* SUPPLIED ENTRIES
::::

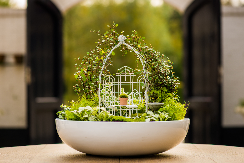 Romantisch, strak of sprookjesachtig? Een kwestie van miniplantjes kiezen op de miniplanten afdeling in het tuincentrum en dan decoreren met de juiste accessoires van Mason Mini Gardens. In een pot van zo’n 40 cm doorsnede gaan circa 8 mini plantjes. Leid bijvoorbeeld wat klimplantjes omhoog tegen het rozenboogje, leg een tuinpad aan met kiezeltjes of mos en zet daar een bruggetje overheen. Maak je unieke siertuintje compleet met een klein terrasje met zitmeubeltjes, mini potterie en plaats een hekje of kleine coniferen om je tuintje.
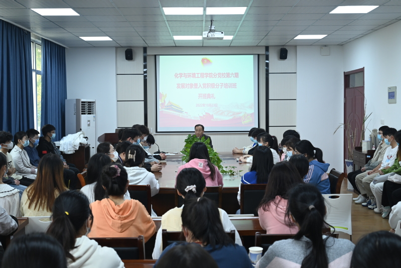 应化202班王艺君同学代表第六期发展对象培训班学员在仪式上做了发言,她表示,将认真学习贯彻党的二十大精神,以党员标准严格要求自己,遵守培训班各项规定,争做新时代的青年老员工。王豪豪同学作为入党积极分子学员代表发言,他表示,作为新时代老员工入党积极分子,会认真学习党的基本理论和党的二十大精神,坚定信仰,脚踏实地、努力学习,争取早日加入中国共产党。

::::

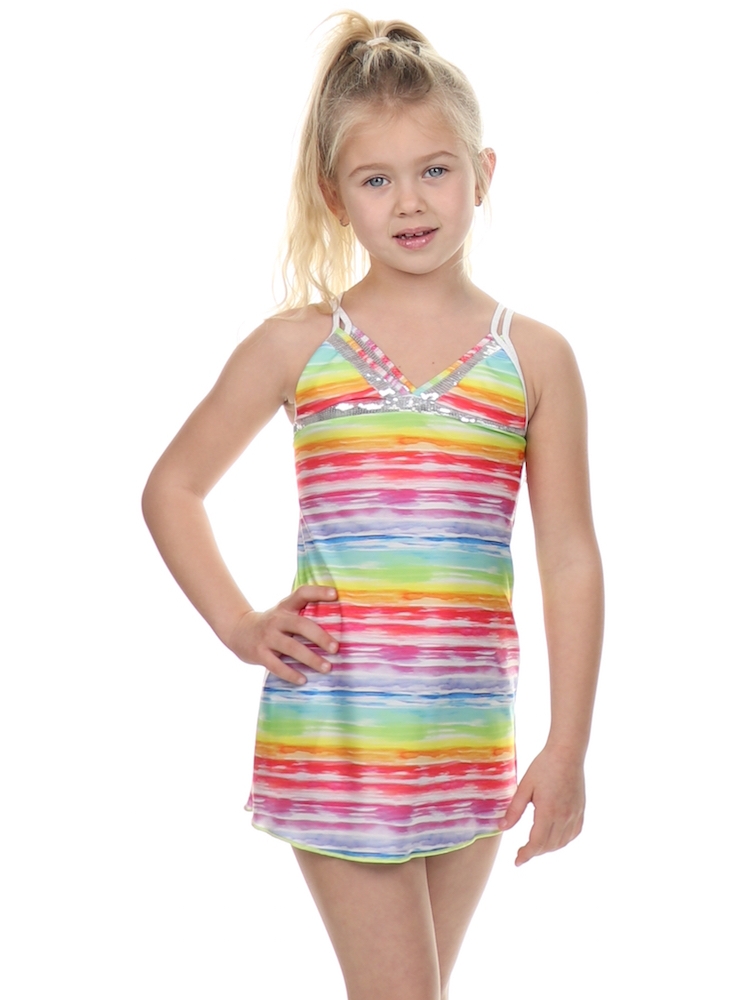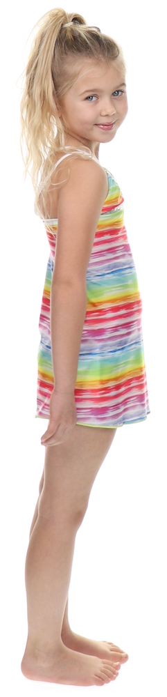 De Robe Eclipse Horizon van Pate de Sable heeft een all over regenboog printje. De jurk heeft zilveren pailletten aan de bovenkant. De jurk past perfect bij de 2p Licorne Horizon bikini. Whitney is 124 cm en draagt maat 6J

::::

* WHAT THE EXERCISE ASKS
Every line above in the stretch from the one with "Romantisch, strak of" through the one with "应化202班王艺君同学代表第" is to be transcribed exactly, ends included. No picture is copied.

* ANSWER FOR THIS EXERCISE
 Romantisch, strak of sprookjesachtig? Een kwestie van miniplantjes kiezen op de miniplanten afdeling in het tuincentrum en dan decoreren met de juiste accessoires van Mason Mini Gardens. In een pot van zo’n 40 cm doorsnede gaan circa 8 mini plantjes. Leid bijvoorbeeld wat klimplantjes omhoog tegen het rozenboogje, leg een tuinpad aan met kiezeltjes of mos en zet daar een bruggetje overheen. Maak je unieke siertuintje compleet met een klein terrasje met zitmeubeltjes, mini potterie en plaats een hekje of kleine coniferen om je tuintje.
 应化202班王艺君同学代表第六期发展对象培训班学员在仪式上做了发言,她表示,将认真学习贯彻党的二十大精神,以党员标准严格要求自己,遵守培训班各项规定,争做新时代的青年老员工。王豪豪同学作为入党积极分子学员代表发言,他表示,作为新时代老员工入党积极分子,会认真学习党的基本理论和党的二十大精神,坚定信仰,脚踏实地、努力学习,争取早日加入中国共产党。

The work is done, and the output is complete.